• **Exercise objective**: Print out every line of the material exactly. Include no pictures.

• **Supplied records**:
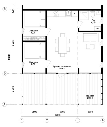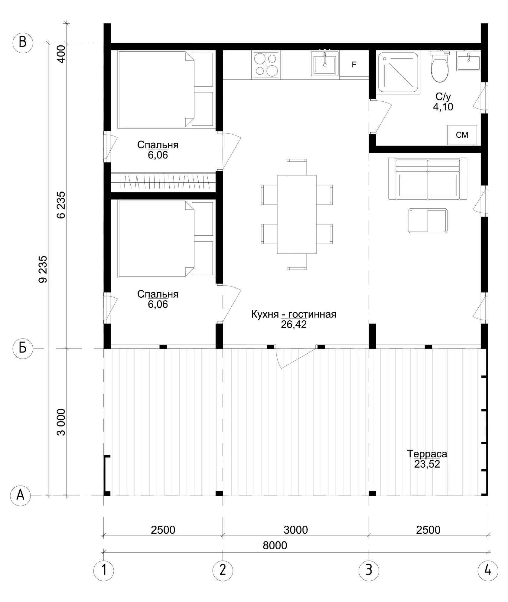 Компактный дом площадью 43 м² с жилой зоной 32 м² идеален для небольшой семьи. Две спальни и один санузел создают уютное и функциональное пространство. Каркасная конструкция гарантирует тепло и надежность, а естественное освещение наполняет интерьер светом. Это место, где царит комфорт и спокойствие.Материалы и перечень работ
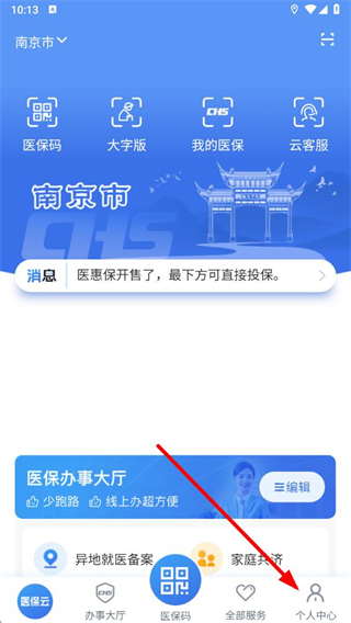 1、在江苏医保云app医保云页面点击个人中心选项,进入登录页面。
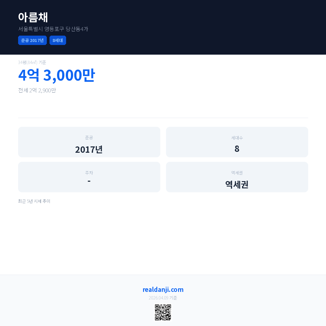 아름채 최근 거래가는 4억 3,000만입니다. (2025-06)
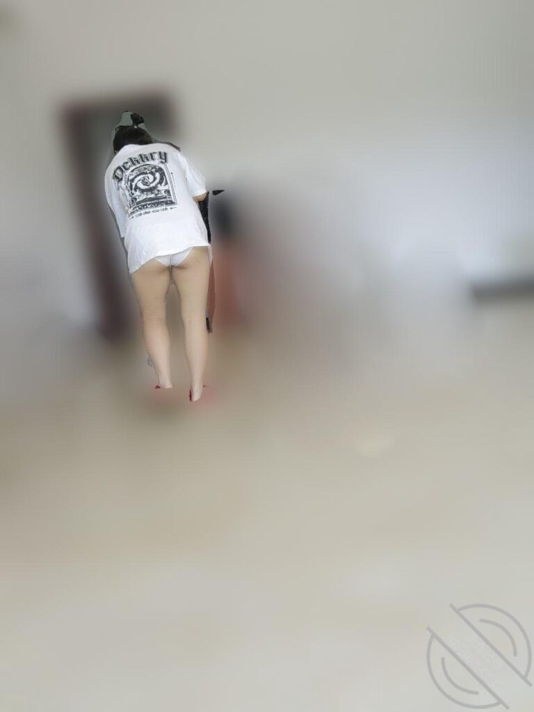 今天休息没有去上班,不知道老妹是故意的还是忘记我今天休息了!大白天的穿着小内裤就开始拖地,一弯腰拖地内裤全看见了,是不是老妹对我不太见外了哦!哈哈哈!
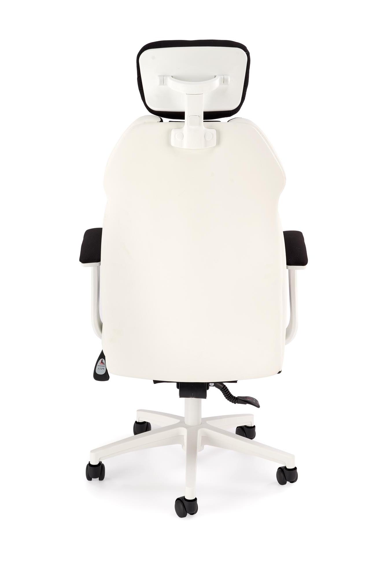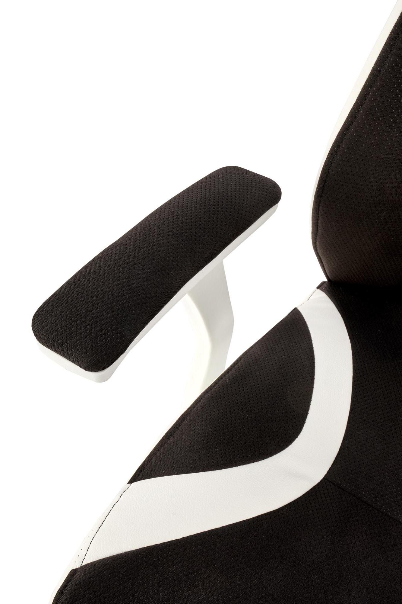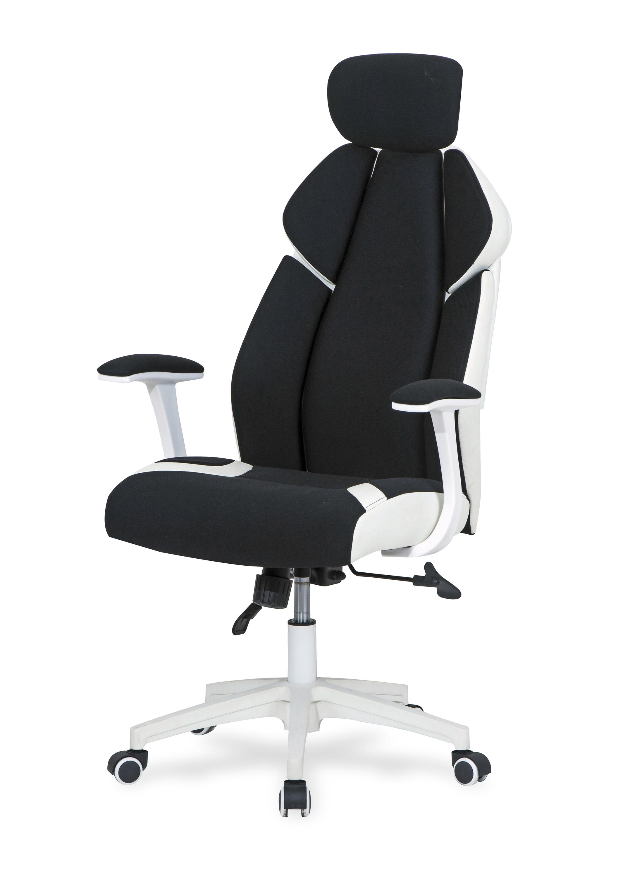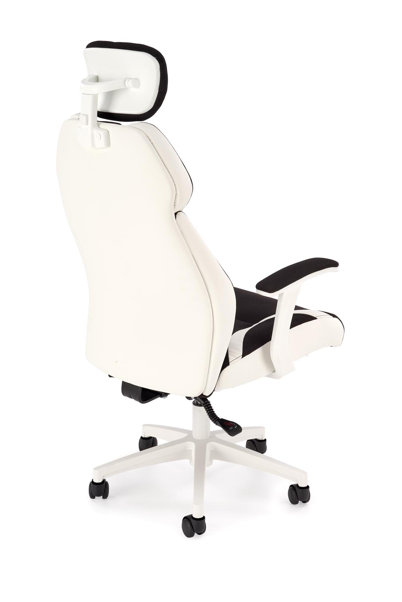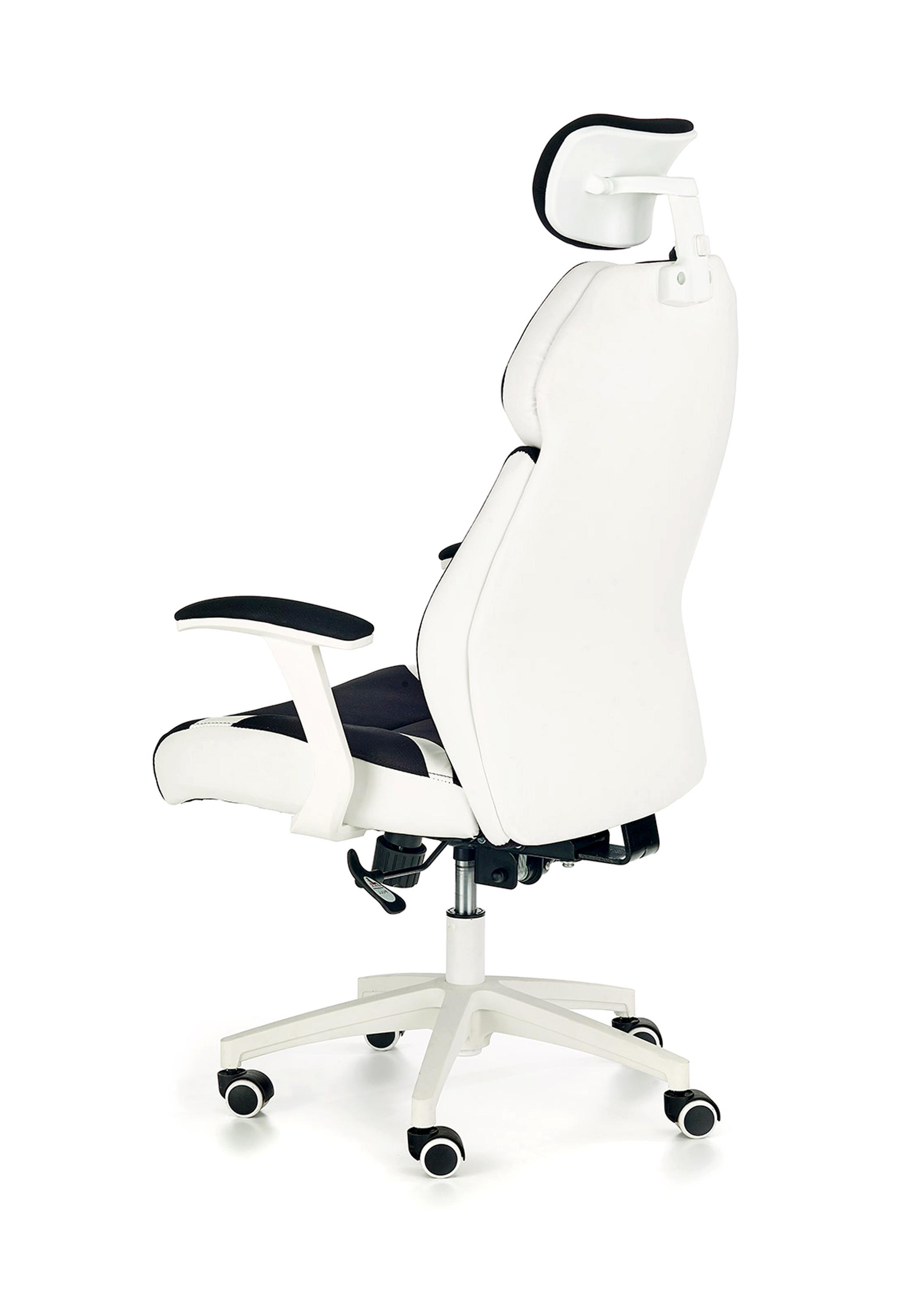 Fotel obrotowy wykonano z materiału: tkanina / eco skóra, kolor czarno-biały

• **Problem solution**:
 Компактный дом площадью 43 м² с жилой зоной 32 м² идеален для небольшой семьи. Две спальни и один санузел создают уютное и функциональное пространство. Каркасная конструкция гарантирует тепло и надежность, а естественное освещение наполняет интерьер светом. Это место, где царит комфорт и спокойствие.Материалы и перечень работ
 1、在江苏医保云app医保云页面点击个人中心选项,进入登录页面。
 아름채 최근 거래가는 4억 3,000만입니다. (2025-06)
 今天休息没有去上班,不知道老妹是故意的还是忘记我今天休息了!大白天的穿着小内裤就开始拖地,一弯腰拖地内裤全看见了,是不是老妹对我不太见外了哦!哈哈哈!
 Fotel obrotowy wykonano z materiału: tkanina / eco skóra, kolor czarno-biały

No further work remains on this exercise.